## Exercise description
Within the records below, repeat each line exactly but keep every picture out of the copy.

----------------

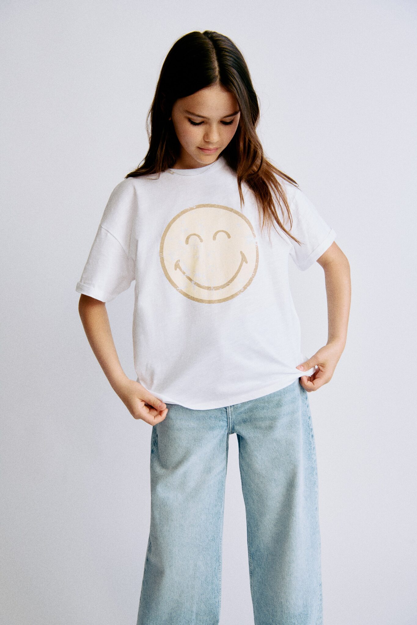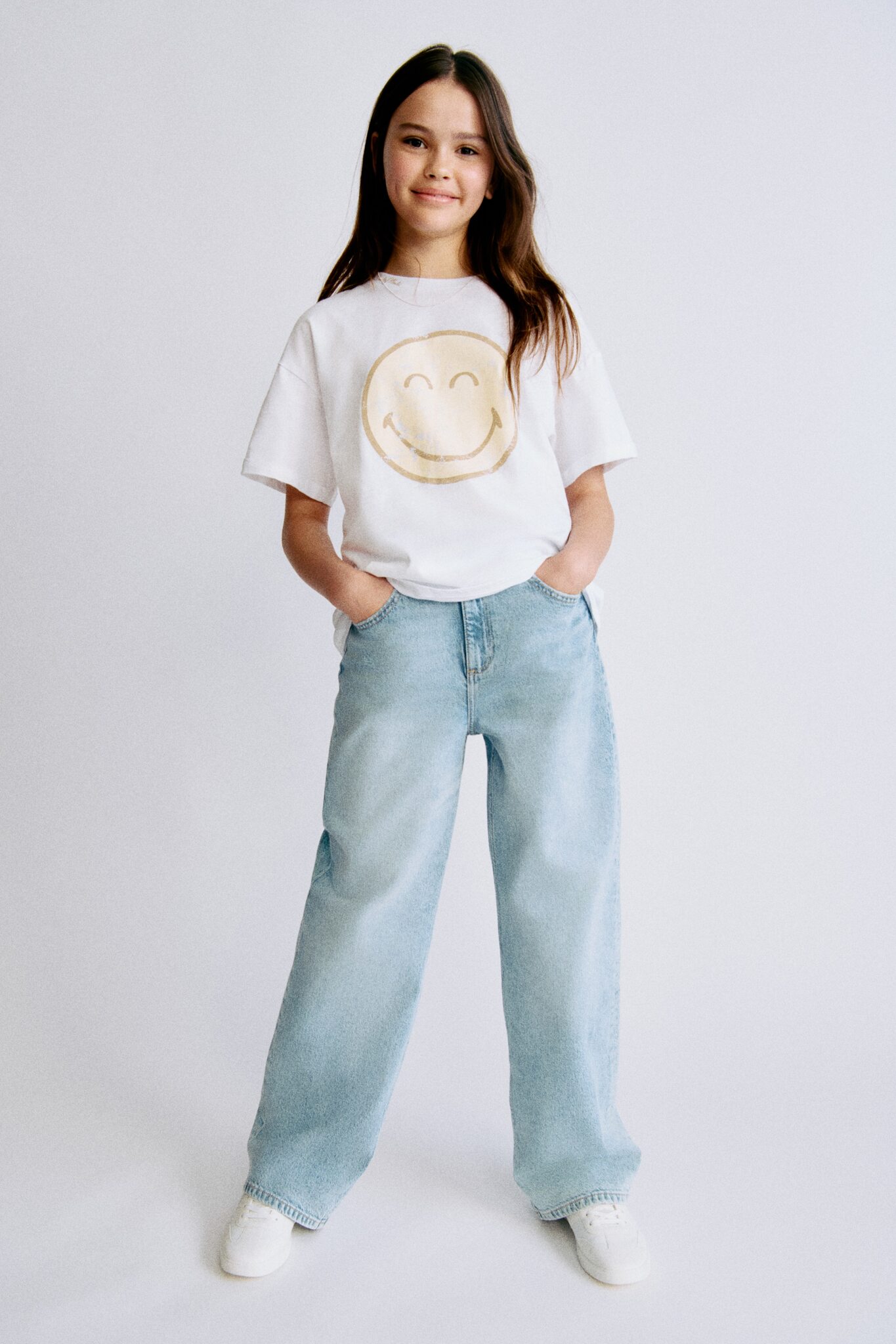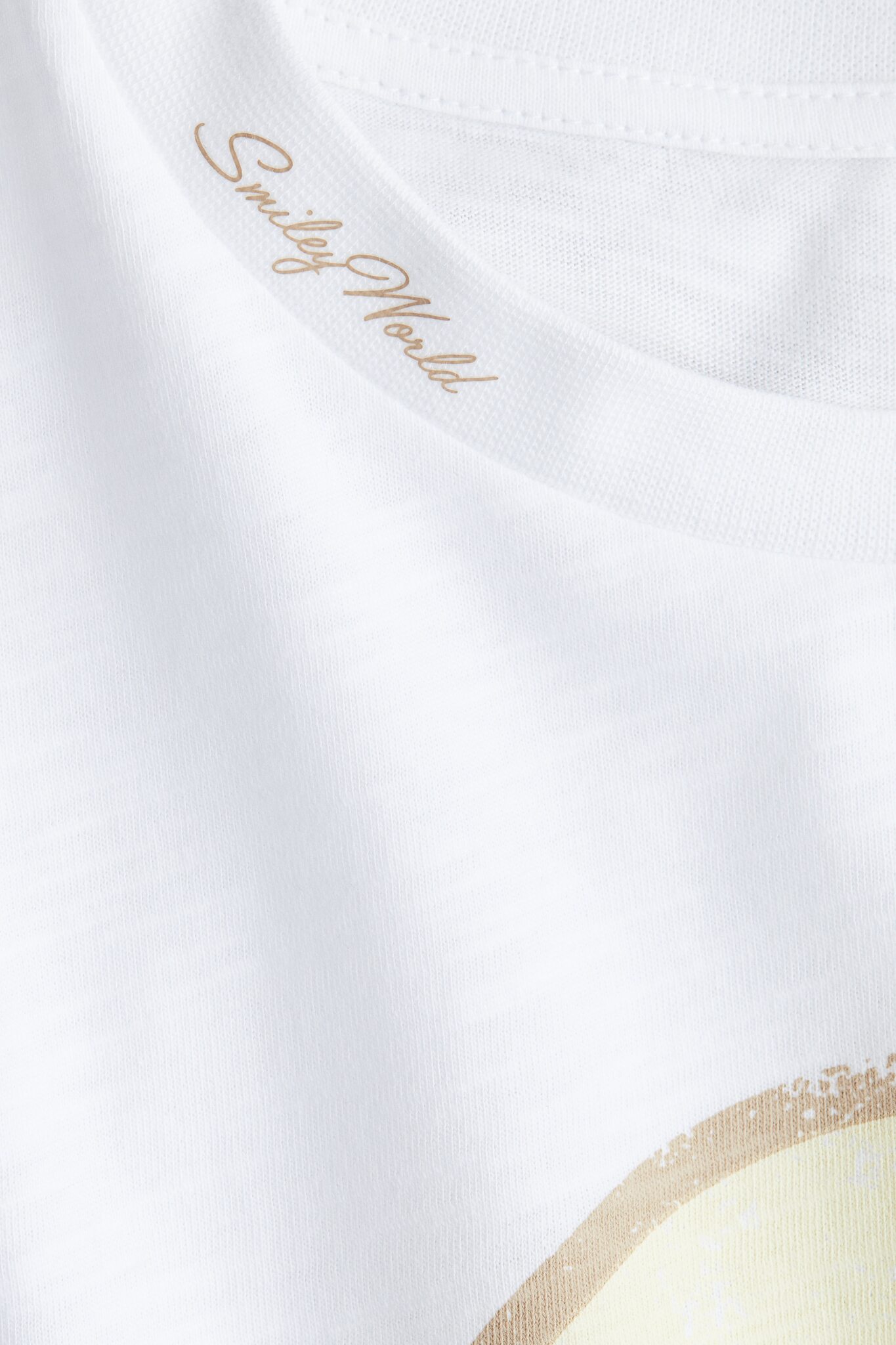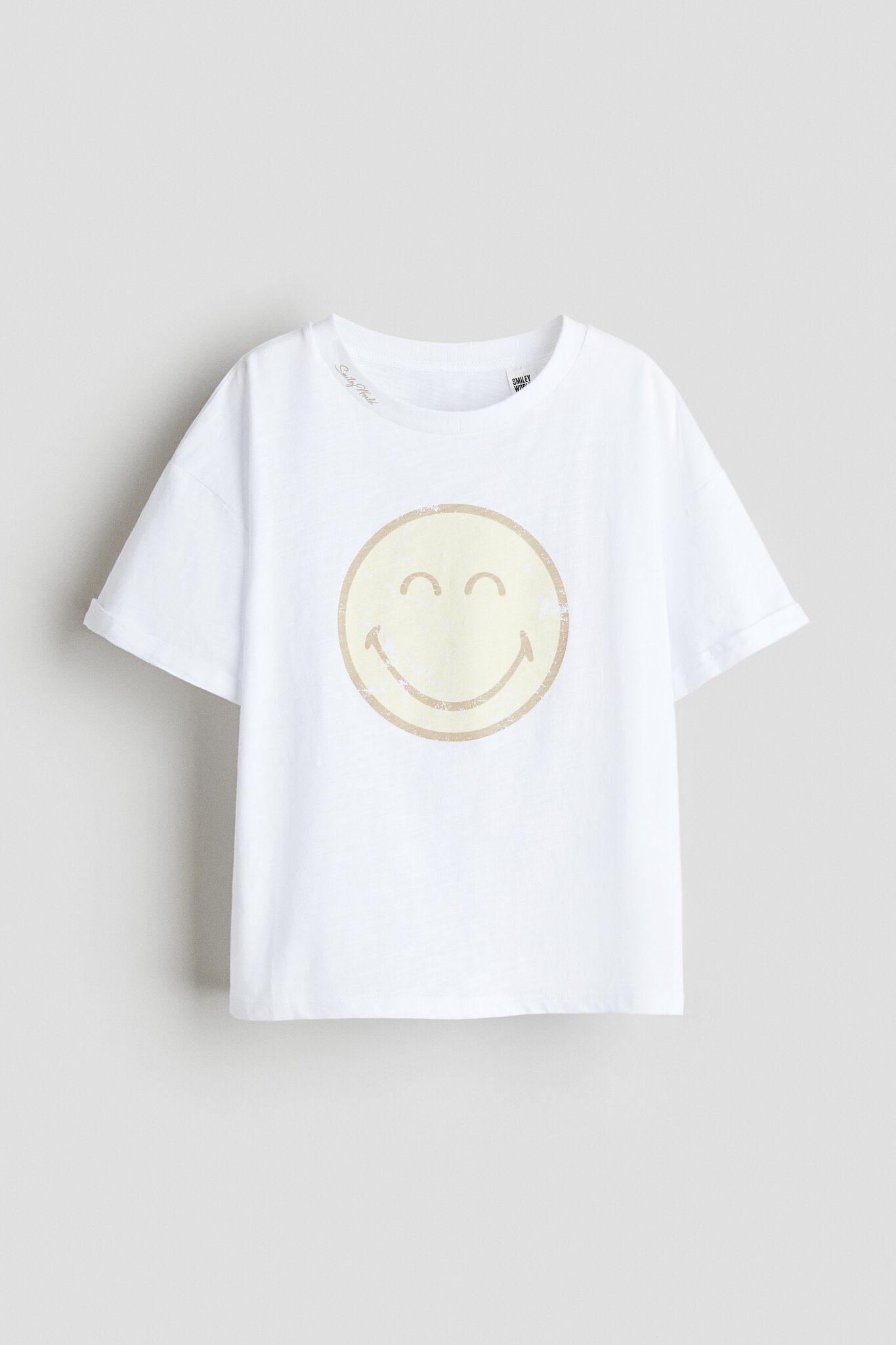 Футболка свободного кроя из мягкого хлопкового трикотажа с принтом, круглым вырезом, ребристой отделкой и спущенными плечами.
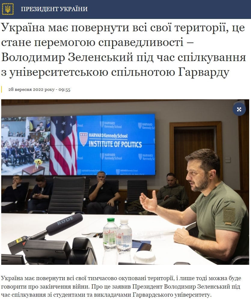 Это следует из заявления президента Владимира Зеленского во время общения со студентами и преподавателями Гарвардского университета.
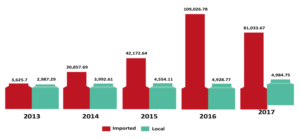 Raw material Import vs Local Production (BDT mn)
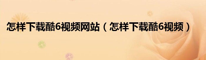 大家好,来宝来为大家解答以下问题,怎样下载酷6视频网站,怎样下载酷6视频很多人还不知道,今天让我们一起来看看吧!
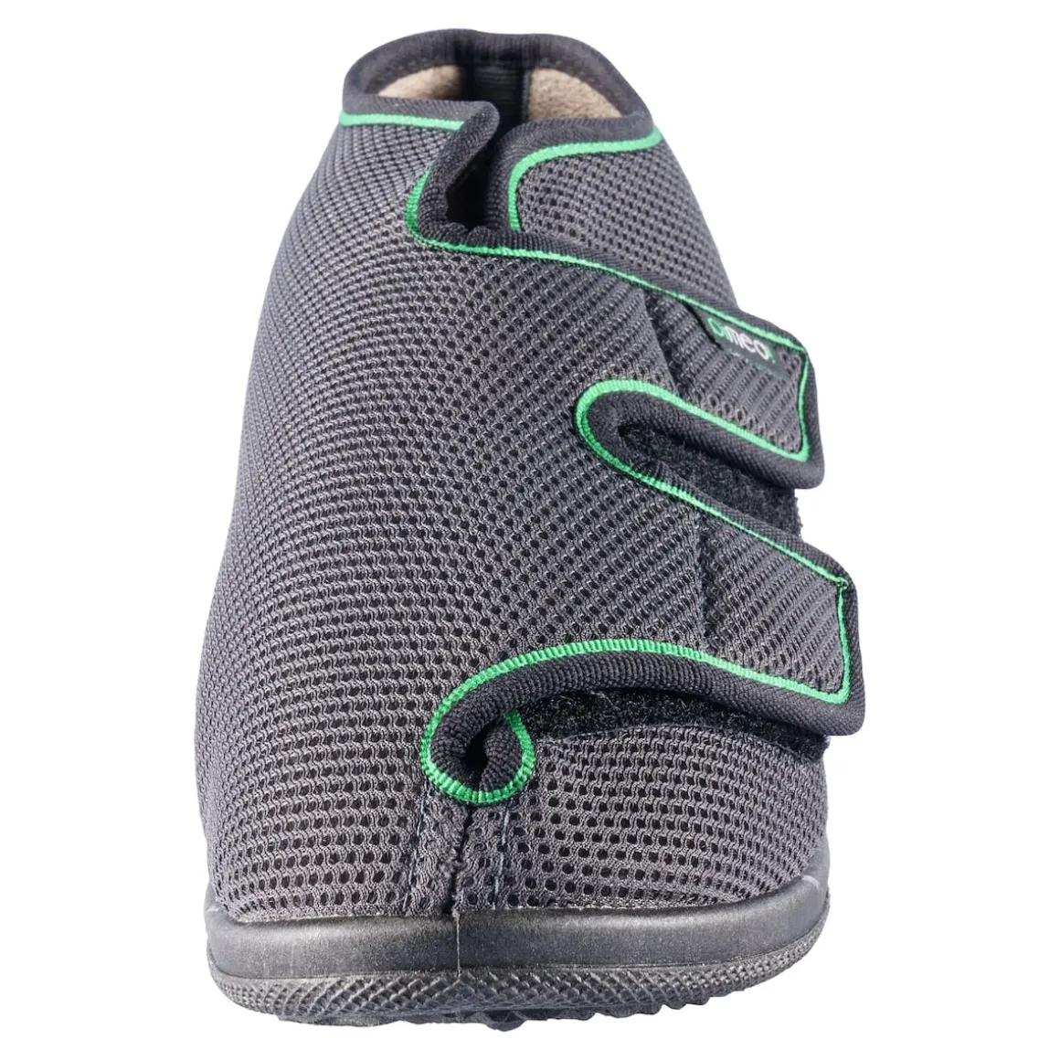 Bei Verbänden, Fehlstellungen oder starken Schwellungen – Weiche Verbandsschuhe geben Ihren Füßen den Raum, den sie brauchen und dennoch guten Halt beim Gehen. Antivirale Beschichtung zur Selbstdesinfektion. Stufenlose Weitenregulierung durch einen besonders breiten Klettverschluss. Schöne Kontrastnaht. Knöchelhoher Schuh mit doppeltem Klettverschluss.
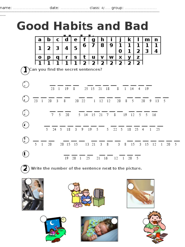 Good Habits and Bad Habits - Liveworksheets Live worksheets > English > English as a Second Language (ESL) > Healthy Habits > Good Habits and Bad Habits. Good Habits and Bad Habits. Matching tasks - ClassBook, p.45. Oman Curriculum. ID: 2840621. Language: English. School subject: English as a Second Language (ESL) Grade/level: grade 4. Age: 8-12. Bad Habits Vs Good Habits Worksheets - K12 Workbook Bad Habits Vs Good Habits Displaying all worksheets related to - Bad Habits Vs Good Habits . Worksheets are Breaking bad habits work, Step 1 identify your current habits, Table of contents, Healthy habits that promote wellness, Healthy 9sleep haits, 2019 nutrition work, And life skills workbook teen friendship workbook, Behavior change theories and techniques.
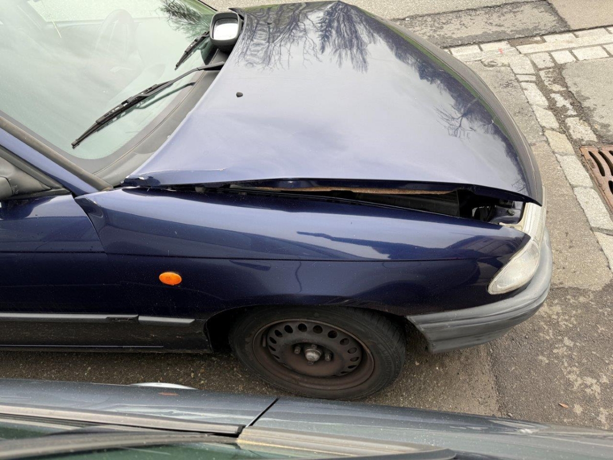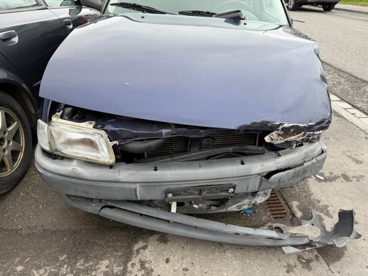 Anprall vorne links: Dabei wurde die Motorhaube mit Anbauteile, beide Scheinwerfer, beide Kotflügel, die Stossstange, der Kühlergrill, der Schlossträger, alle Kühler mit Lüfter und Lüfterzarge, das Radhaus, die Radaufhängung mit Lenkung, die Felge mit Reifen, beide Längsträger, sowie diverse Anbauteile beschädigt. Der Motor und die Front wurden nach rechts verschoben. Motor startet nicht, Ursache unbekannt.

----------------

## Your solution
 Футболка свободного кроя из мягкого хлопкового трикотажа с принтом, круглым вырезом, ребристой отделкой и спущенными плечами.
 Это следует из заявления президента Владимира Зеленского во время общения со студентами и преподавателями Гарвардского университета.
 Raw material Import vs Local Production (BDT mn)
 大家好,来宝来为大家解答以下问题,怎样下载酷6视频网站,怎样下载酷6视频很多人还不知道,今天让我们一起来看看吧!
 Bei Verbänden, Fehlstellungen oder starken Schwellungen – Weiche Verbandsschuhe geben Ihren Füßen den Raum, den sie brauchen und dennoch guten Halt beim Gehen. Antivirale Beschichtung zur Selbstdesinfektion. Stufenlose Weitenregulierung durch einen besonders breiten Klettverschluss. Schöne Kontrastnaht. Knöchelhoher Schuh mit doppeltem Klettverschluss.
 Good Habits and Bad Habits - Liveworksheets Live worksheets > English > English as a Second Language (ESL) > Healthy Habits > Good Habits and Bad Habits. Good Habits and Bad Habits. Matching tasks - ClassBook, p.45. Oman Curriculum. ID: 2840621. Language: English. School subject: English as a Second Language (ESL) Grade/level: grade 4. Age: 8-12. Bad Habits Vs Good Habits Worksheets - K12 Workbook Bad Habits Vs Good Habits Displaying all worksheets related to - Bad Habits Vs Good Habits . Worksheets are Breaking bad habits work, Step 1 identify your current habits, Table of contents, Healthy habits that promote wellness, Healthy 9sleep haits, 2019 nutrition work, And life skills workbook teen friendship workbook, Behavior change theories and techniques.
 Anprall vorne links: Dabei wurde die Motorhaube mit Anbauteile, beide Scheinwerfer, beide Kotflügel, die Stossstange, der Kühlergrill, der Schlossträger, alle Kühler mit Lüfter und Lüfterzarge, das Radhaus, die Radaufhängung mit Lenkung, die Felge mit Reifen, beide Längsträger, sowie diverse Anbauteile beschädigt. Der Motor und die Front wurden nach rechts verschoben. Motor startet nicht, Ursache unbekannt.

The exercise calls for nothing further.